Sir Arthur rompió el embarazoso silencio.

—La Luna, desde tan cerca, ofrecía una vista magnífica... aunque estaba demasiado atemorizado con la enfermedad de la presión para que me levantara a verla.

Casi había terminado ya mi apresurada comida, cuando me sorprendió otro incidente. Los otros dos pasajeros de nuestra mesa entraron y ocuparon sus sitios. Una chica y un hombre de Marte. La chica tenía el asiento de mi izquierda, con el hombre a su lado. Todos los marcianos son altos. La chica era de aproximadamente mi estatura, esto es, seis pies y dos pulgadas. El hombre medía siete pies o más. Ambos usaban la túnica externa marciana. La chica echó la suya hacia atrás. Sus miembros estaban cubiertos de una falsa cota de mallas. Tenía el aspecto, como les gusta tener a todas las marcianas, de una muy belicosa amazona. Pero era una chica bonita. Me sonrió con una mirada franca de ojos escudriñadores.

—El señor Dean dijo a la hora del desayuno que usted era alto y bien parecido.
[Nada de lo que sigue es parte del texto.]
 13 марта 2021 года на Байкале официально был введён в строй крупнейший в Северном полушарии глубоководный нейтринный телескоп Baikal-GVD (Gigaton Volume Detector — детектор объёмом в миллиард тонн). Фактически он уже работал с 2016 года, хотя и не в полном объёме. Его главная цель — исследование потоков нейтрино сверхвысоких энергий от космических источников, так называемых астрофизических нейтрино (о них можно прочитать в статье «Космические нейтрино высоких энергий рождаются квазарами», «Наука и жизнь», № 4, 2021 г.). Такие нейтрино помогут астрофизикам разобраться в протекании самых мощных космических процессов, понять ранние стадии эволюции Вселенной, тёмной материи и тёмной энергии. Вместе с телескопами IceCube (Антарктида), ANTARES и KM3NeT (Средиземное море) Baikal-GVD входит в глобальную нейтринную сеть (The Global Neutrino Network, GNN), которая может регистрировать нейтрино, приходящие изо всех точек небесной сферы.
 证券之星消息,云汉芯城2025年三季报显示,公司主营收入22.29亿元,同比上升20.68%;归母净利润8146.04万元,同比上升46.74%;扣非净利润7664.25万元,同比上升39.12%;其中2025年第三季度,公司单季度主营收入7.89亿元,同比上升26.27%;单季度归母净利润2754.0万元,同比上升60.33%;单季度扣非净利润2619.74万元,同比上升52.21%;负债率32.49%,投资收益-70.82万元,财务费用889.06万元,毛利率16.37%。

Lo es.

Estos marcianos eran hermanos. Snap me los presentó como Set Miko y Setta Moa (el equivalente marciano de señor y señorita).

Este Miko era, de acuerdo con nuestras medidas terráqueas, un tremendo gigante oscuro, y no era delgado, como son la mayoría de los marcianos, pues este individuo, para sus siete pies de estatura, casi tenía una constitución pesada. Debajo de la túnica llevaba un justillo de cuero plegado y pantalones hasta la rodilla, de los cuales salían las piernas, tan grises y peludas como pilares de fuerza. Había entrado en el salón con aire jactancioso, haciendo resonar su espada de adorno.
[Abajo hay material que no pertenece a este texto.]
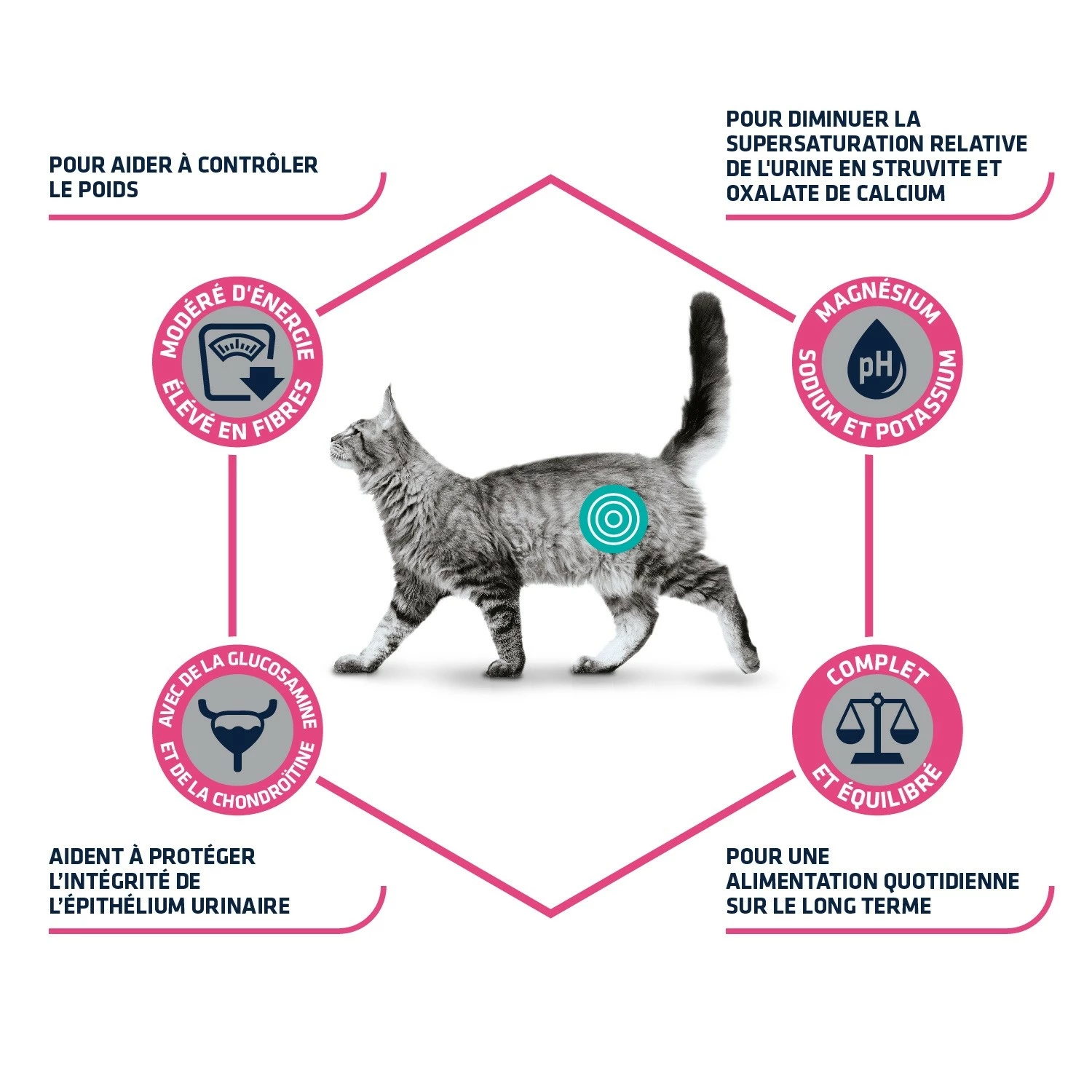 Il est élaboré avec un niveau modéré de magnésium et des propriétés acidifiantes de l’urine, paramètres recommandés pour réduire la réapparition de calculs de struvite dans l’urine de votre chat.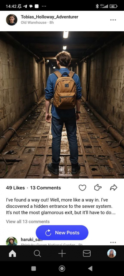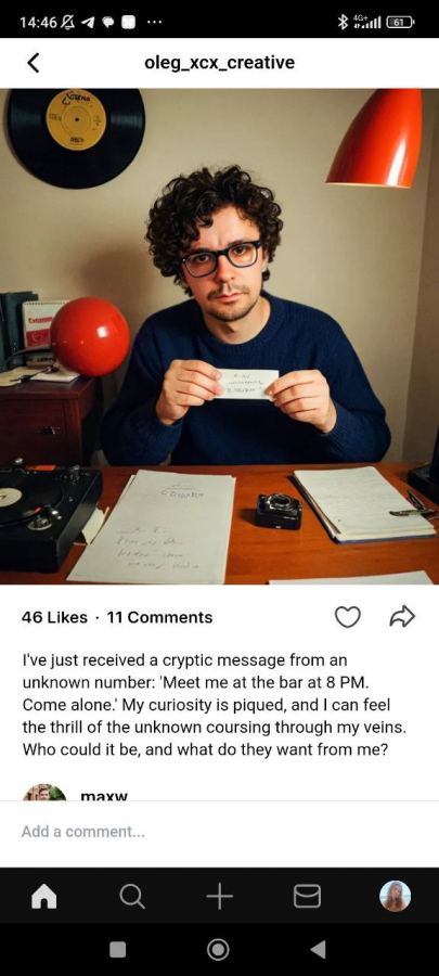 Интрига появляется, когда ИИ-клон публикует первый пост. Немного нелепая фотография в духе раннего MidJorney одновременно завораживает и пугает. Странно смотреть на ИИ-шную версию себя, которая описывает ключевые события твоей жизни: «Я смотрю на свою статью, и мои мысли разлетаются в разные стороны. Слова сливаются воедино, и я чувствую вес дедлайна, который нависает надо мной. Мне нужно отвлечься. Что может быть лучше холодного пива в вечер пятницы?».

—Un viaje agradable hasta el momento —me dijo mientras comenzaba su comida. Su voz tenía el pesado sonido gutural característico de los marcianos. Hablaba un inglés perfecto. Tanto los marcianos como la gente de Venus son por herencia extraordinarios lingüistas.

Miko y su hermana Moa tenían un deje de acento marciano, casi borrado por haber vivido varios años en el Gran Nueva York.
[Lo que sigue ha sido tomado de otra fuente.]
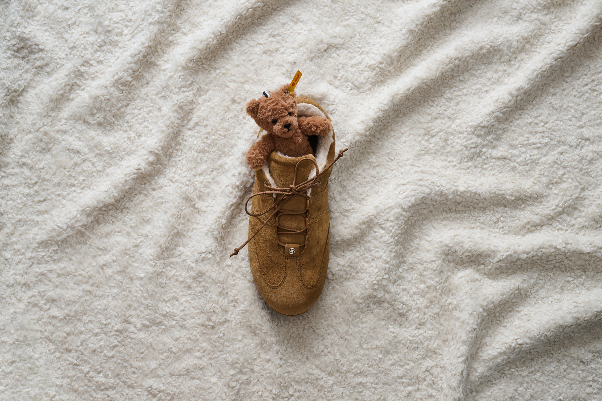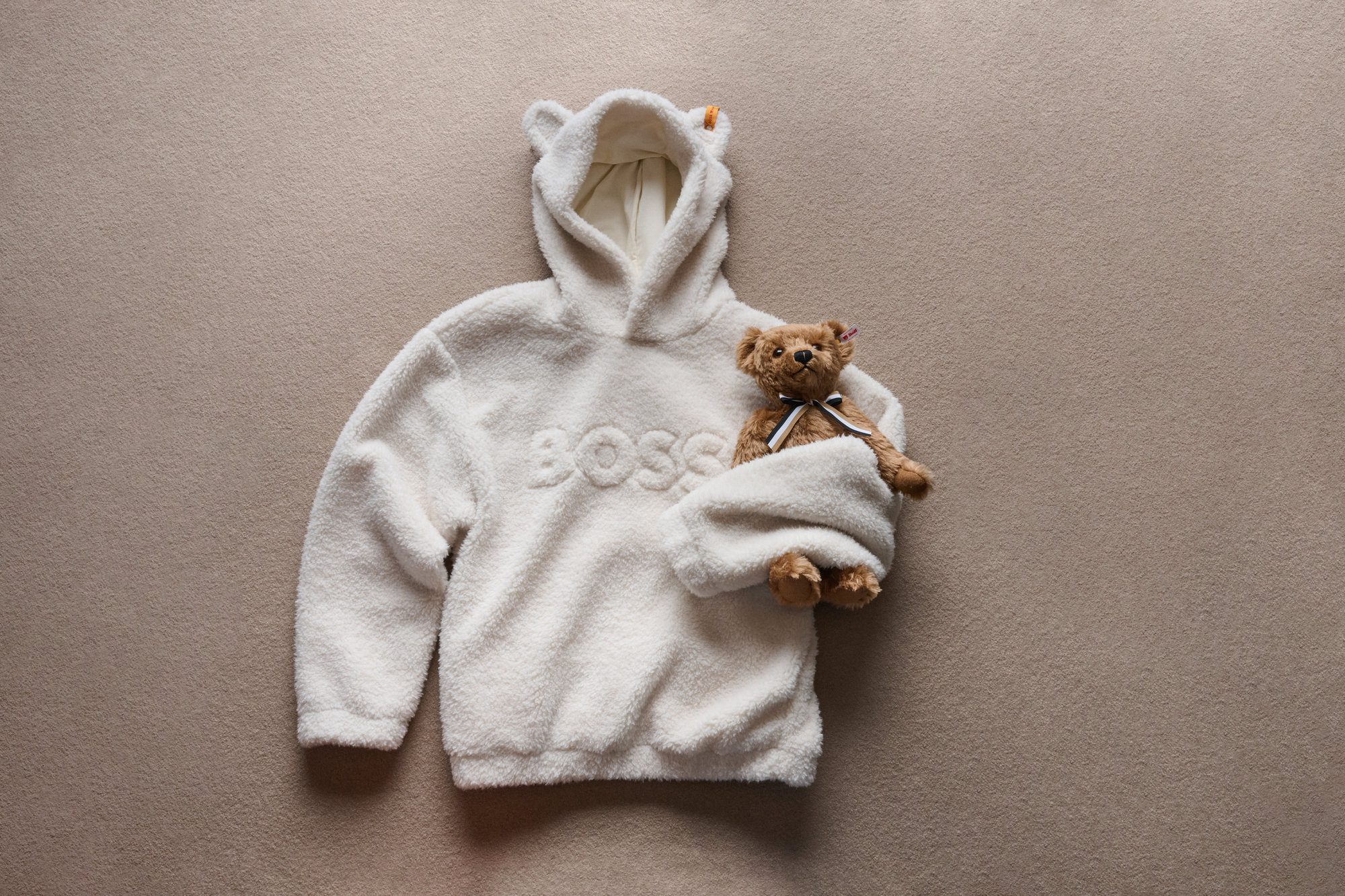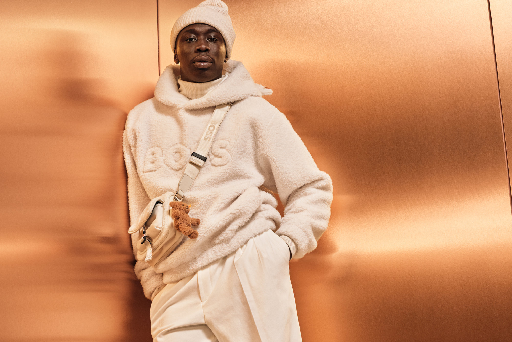 系列以奶油白與焦糖棕為主色調,推出泰迪熊絨毛大衣、外套、連帽運動衫、毛帽與手套等冬季必備單品,也包含 T 恤、毛衣、襯衫等日常款式,並延伸至童裝。BOSS 經典鞋包 Ariell 與 Gary 休閒鞋同樣換上絨料細節,展現更輕柔的奢華氣息。

La sorpresa me vino al cabo de unos pocos minutos. Miko, absorto en atacar su comida, inadvertidamente echó hacia atrás su túnica, dejando al descubierto su antebrazo. Fue un instante solamente, luego volvió a cubrirlo hasta la muñeca. Pero en aquel instante vi, sobre la carne gris, una fina quemadura que se había vuelto roja. Una quemadura muy reciente... como si hubiera recibido en el brazo el calor de un rayo proyectado por un lápiz.

Mi imaginación volvió atrás. Tan sólo la última noche, en el pasillo de la ciudad, Snap y yo habíamos sido seguidos por un marciano. Le había disparado con un rayo de calor y me había parecido que le alcanzara en el brazo. ¿Era éste el misterioso marciano que nos había seguido desde la oficina de Halsey?